# Amantis nawai



## Fisherman_Brazil (Nov 4, 2007)

Amantis nawai

Not yet have a comon name, I call them Black hands boxer mantis

With body length of about 1.5 cm only, small enough to catching attention by one's naking eyes, characterizing by the relatively short and black boxing front legs, and considered rare in Taiwan.


----------



## chun (Nov 4, 2007)

nice fine! any chance of breeding these?


----------



## Fisherman_Brazil (Nov 4, 2007)

chun said:


> nice fine! any chance of breeding these?
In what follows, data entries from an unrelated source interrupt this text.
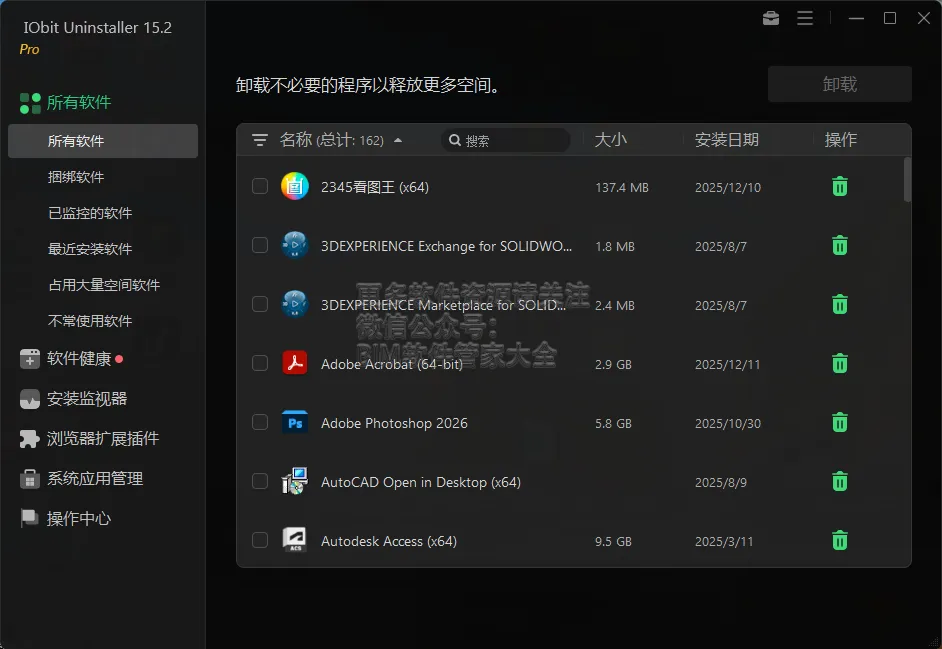 公众号关键词回复:卸载工具 IObit Uninstaller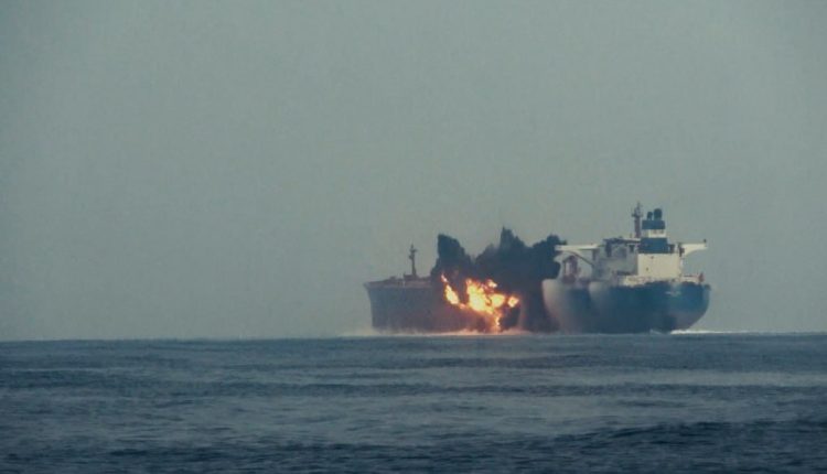 ونشر الحوثيون صورا ومشاهد وثقت الضربة المباشرة التي استهدفت الناقلة.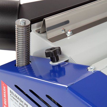 Особенность модели BELMASH PB-2000/330 – режущий блок расположен на четырёх винтовых колоннах из нержавеющей стали. Они обеспечивают возможность максимально точной настройки положения строгального вала над столом. Подъем и опускание режущего блока происходит синхронно и с равномерно-распределенной нагрузкой. Это обеспечивает жесткость конструкции, поглощает рабочие вибрации, увеличивает качество обработки материала.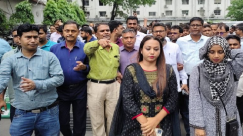 প্রেসক্লাবের সামনে আন্দোলনকারীদের জলকামান- সাউন্ড গ্রেনেড দিয়ে ছত্রভঙ্গ করলো পুলিশ

I hope, but have to see if male can be found in timely manner.


----------



## robo mantis (Nov 4, 2007)

How big do they get?


----------



## Fisherman_Brazil (Nov 4, 2007)

robo mantis said:


> How big do they get?


No more than an inch! small, little guy! They jump and run fast though.


----------



## andy hood (Nov 4, 2007)

lovely mantid indeed


----------



## Fisherman_Brazil (Dec 19, 2007)

Finally, my friend found a female for me and received a couple hours ago. To my surprise, not the male attempting to mate urgently, but taking approach face to face like a bull instead of skittish running or stalking around and mounting onto from behind with extremely caution.
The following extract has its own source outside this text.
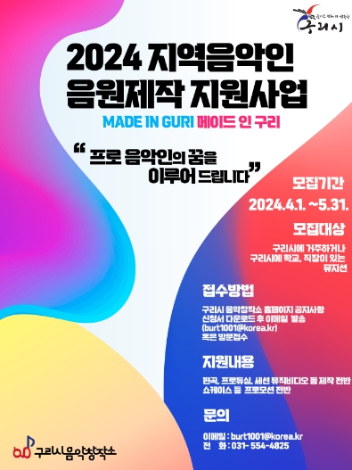 [뉴스서치] 구리시는 4월 1일부터 5월 31일까지 구리시 음악창작소에서 2024년 지역 아마추어 뮤지션 음원제작 지원사업인 ‘Made in Guri’ 참여자를 모집한다.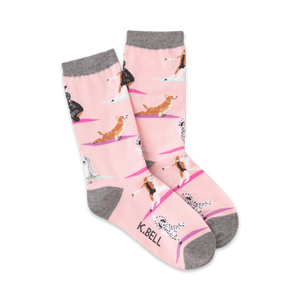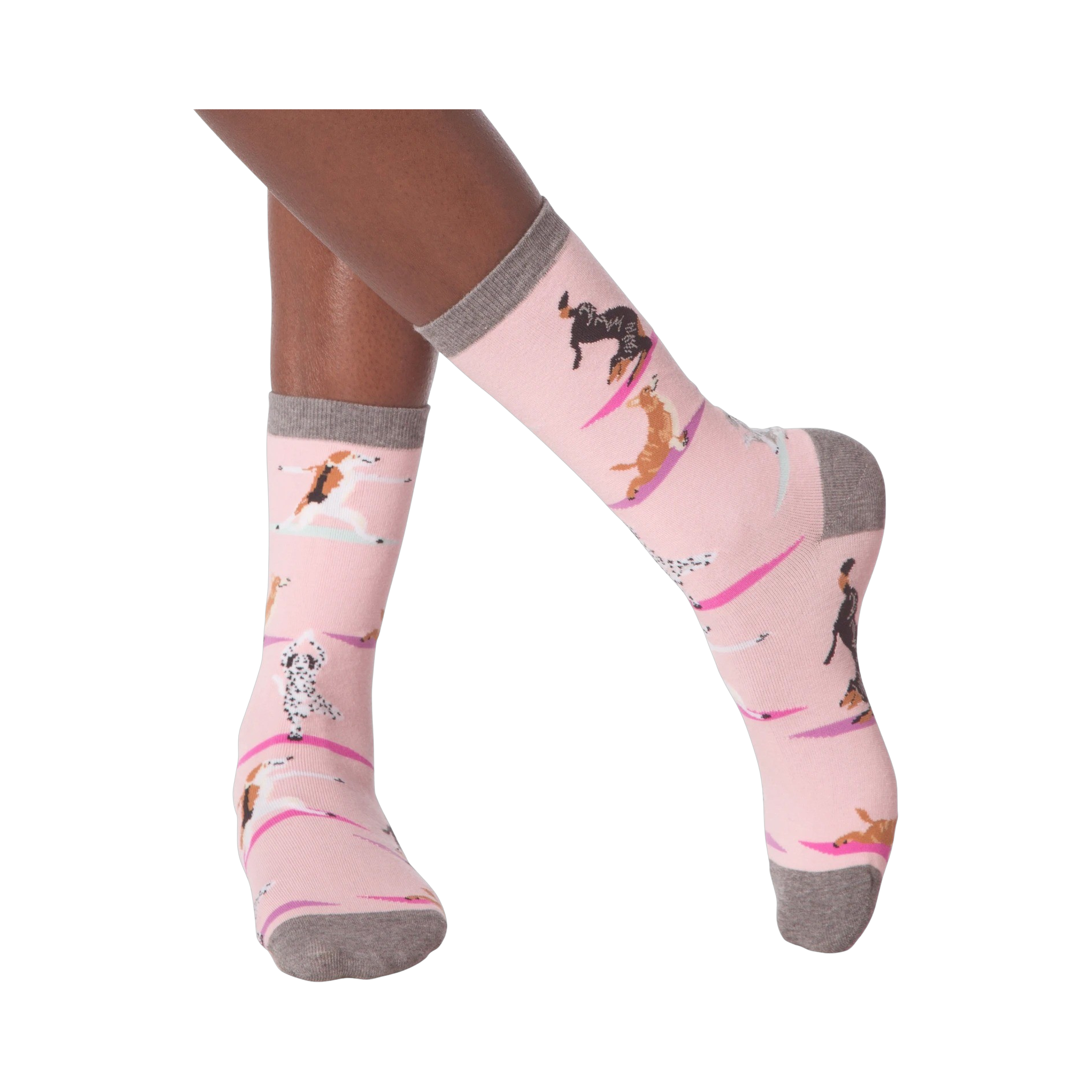 Why not fetch a bone and get a solid work out at the same time? These cool socks are great for any doggone loving yogi! Each funny pair of pink and gray crew socks features several different dog breeds on yoga mats doing poses. Show off your love for dogs and your favorite way to stay in shape.

Since this is only specimen I have, to ensure the mating, I take picture carefully so the actual copulation is not very clear to show on the photo. Really exciting to have this little cute guy indeed!


----------



## Andrew (Dec 19, 2007)

Wow, congratulations! Be sure to lemme know about any extra ooths.


----------



## Fisherman_Brazil (Dec 19, 2007)

I was stupid enough, the Black hand actually is a male after I received it. Now the female as we can see, no balck hand characteristics. They are actually ground doweled mantis. There are some wide collected female and laying fertile eggs, but this actual mating is most likely the first photo availible to the general public.


----------



## hibiscusmile (Dec 19, 2007)

That is great, I have two different boxers now and I cannot wait for this third! :lol: That is really neat to see them mating right off, did they stay together long?


----------



## Fisherman_Brazil (Dec 19, 2007)

hibiscusmile said:


> That is great, I have two different boxers now and I cannot wait for this third! :lol: That is really neat to see them mating right off, did they stay together long?
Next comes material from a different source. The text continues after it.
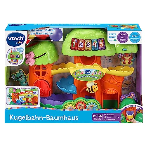 Lieferumfang: 1 x VTech Baby Kugelbahn-Baumhaus / Kindersicheres Batteriefach und Abschaltautomatik / Deutsche Version / Alter: 12-36 Monate / 2 x AA/LR6 Demobatterien / Art. Nr.: 80-564904

The first one last an hour or so, then the second time took palce few hours later/ But I did not pay attention this time. Now they are seperated in different cages of their own. Will wait for the first ooth to hatch before sending out others.


----------



## Hypoponera (Dec 19, 2007)

It looks like the female has small, bud-like wings while the male lacks wings. Is that the case or am I seeing things? If that is the case, it would be the the reverse of all other species I have seen! Very cool indeed!!


----------



## Fisherman_Brazil (Dec 19, 2007)

Hypoponera said:


> It looks like the female has small, bud-like wings while the male lacks wings. Is that the case or am I seeing things? If that is the case, it would be the the reverse of all other species I have seen! Very cool indeed!!


Truely expert you are! never can be escaped from the trained eyes. There are two types of male, the one with wings and without. I made mistake because of this by the first glance.


----------



## Hypoponera (Dec 19, 2007)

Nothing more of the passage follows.